Build Your Own LLM Eval Harness vs. Off-the-Shelf Observability

Most teams treat LLM quality the same way: ship the prompt, then bolt on whatever observability or evals they can find.

That works until it doesn't. The question isn't whether to measure—it's who owns the pipeline.

The problem

You need to know if your LLM output is good enough to ship.

"Good enough" is product-specific. For a narrative game it's continuity and choice quality. For a support bot it's accuracy and tone. For a code assistant it's correctness and style. Off-the-shelf platforms give you dashboards, traces, and sometimes generic "quality" scores. They rarely give you the right signal for your product.

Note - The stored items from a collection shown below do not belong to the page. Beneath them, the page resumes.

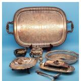 16 - Silverplate Lot - Serving Trays Butter Dish Cream Silverplate Lot - Serving Trays Butter Dish Cream Sugar - Sterling Silver Shaker Condition: tarnished Large tray is 22.75" wide Shipping Method: Standard 5 Pounds or More Weight (#s): 10 Weight (Ozs): 0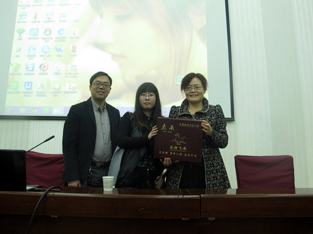 演講結(jié)束后,農(nóng)業(yè)經(jīng)濟(jì)系主任晏素珍、黨總支負(fù)責(zé)人蔡飛向殷繡嬌女士贈送了中國旅游標(biāo)志銅奔馬模型。
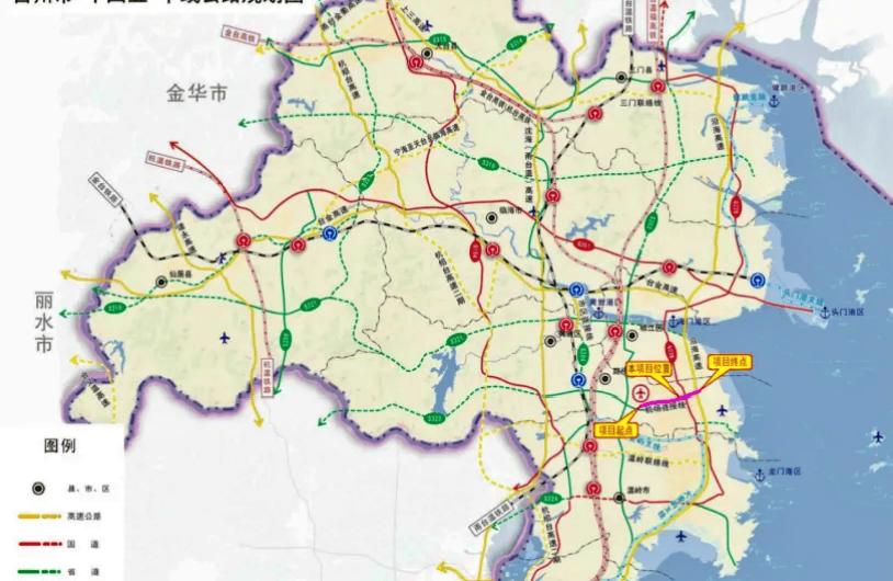 【甬莞高速公路台州机场支线新建工程】正在抓紧开展工作。项目全长约9千米,总投资约27亿元。起于路桥区机场进场道路与东方大道交叉处,止于甬莞高速东侧,采用双向四车道标准建设,设计时速100千米。设置桥梁5座7909米,枢纽立交1处(山下李),互通立交2座(路桥,228国道),收费站2处。项目的建设有利于完善浙江高速公路网结构,串联甬台温高速、沿海高速、台金高速,缓解区域交通压力,助推低空经济发展,促进地方经济社会高质量发展。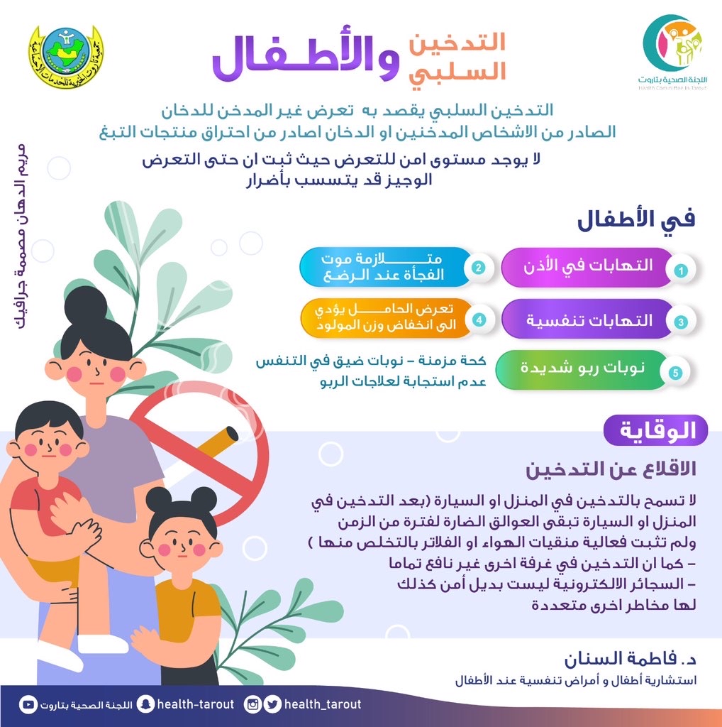 وأوضحت ”السنان“، في تغريدة نشرتها اللجنة الصحية بتاروت، أن التدخين السلبي يقصد به تعرض غير المدخن للدخان الصادر من الأشخاص المدخنين أو الدخان الصادر من احتراق منتجات التبغ.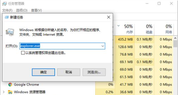 3.接著在彈出的窗口輸入“explorer.exe”,點擊“確定”即可。

So you're stuck between building something that fits but takes time, or buying something that's fast but wrong.

Why "just use a platform" falls short

Observability platforms are great at:

Tracing calls and latency
Logging tokens and cost
Surfacing errors and fallbacks

They're weak at:

Defining what "good" means for your use case
Running deterministic checks (e.g. "last event must be a choice")
Multi-turn or stateful evals (e.g. narrative continuity across 5 scenes)
Tight feedback loops: change prompt → run evals → read report in your repo

Most platforms assume you'll add custom evals or "scores" later. In practice, that means you're still building—just inside their UI and their taxonomy instead of in code you own.

Why "build everything yourself" is a trap

The other extreme is a full custom eval engine: dataset format, runner, scorers, reporting, CI integration.

That's a product. If you're not selling evals, you're maintaining a second codebase. Scorers drift. Datasets get stale. The harness that worked at 10 cases breaks at 500. Most teams underestimate how much ongoing care a good eval pipeline needs.

The real problem isn't build vs. buy. It's who defines "good" and where the feedback loop lives.

What actually works

Own the definition of good. Borrow the rest.

You define: What to measure (e.g. "every scene ends with a choice", "continuity across turns"). Write these as code: scorers, judges, or small scripts that consume LLM output and return pass/fail or a score.
You own: The eval dataset (cases, inputs, expected shape) and the runner that calls your LLM and runs your checks. That can be a simple script (e.g. load cases, call model, run scorers, print summary). No need for a fancy platform to do that.
You can still use: A platform for traces, cost, and errors. Use it for ops and debugging, not as the source of truth for "is this output good enough to ship."

So: custom evals + minimal runner in your repo, optional observability for everything else.

Concrete setup

We do this for a narrative AI:

Dataset: JSONL of cases (input + optional expected shape). One line per case. Easy to version and grow.
Runner: A script that loads cases, calls the BAML function (e.g. narrative scene), runs deterministic scorers (schema, rules like "no back-to-back dialogue") and optionally an LLM-as-judge for continuity. Writes a short report to stdout or a file.
Simulate run: A separate script that runs a multi-turn playthrough (same as prod), writes a human-readable report to a file. We (or the AI) run it, read the output, and refine prompts. No copy-paste.
CI: Run the eval script on a subset of cases; fail the build if something regresses. No dashboard required for that.

We don't use a platform to decide if a scene is valid. We use code. We might use a platform later for cost and latency; the eval harness doesn't depend on it.

Takeaways

Platforms are for ops and visibility, not for product-specific quality. Use them for traces, cost, errors—not as your eval source of truth.
You need a small eval harness anyway. Dataset + runner + your own scorers. That's the only way to get signal that matches your product.
Keep the feedback loop in repo. Scripts, reports, CI. So you can change a prompt and re-run evals without leaving your stack.
Build the minimum runner. A few hundred lines that load cases, call the LLM, run checks, print results. You can add a platform later; you can't retrofit product-specific quality into a generic one.

Build the eval logic. Borrow the rest.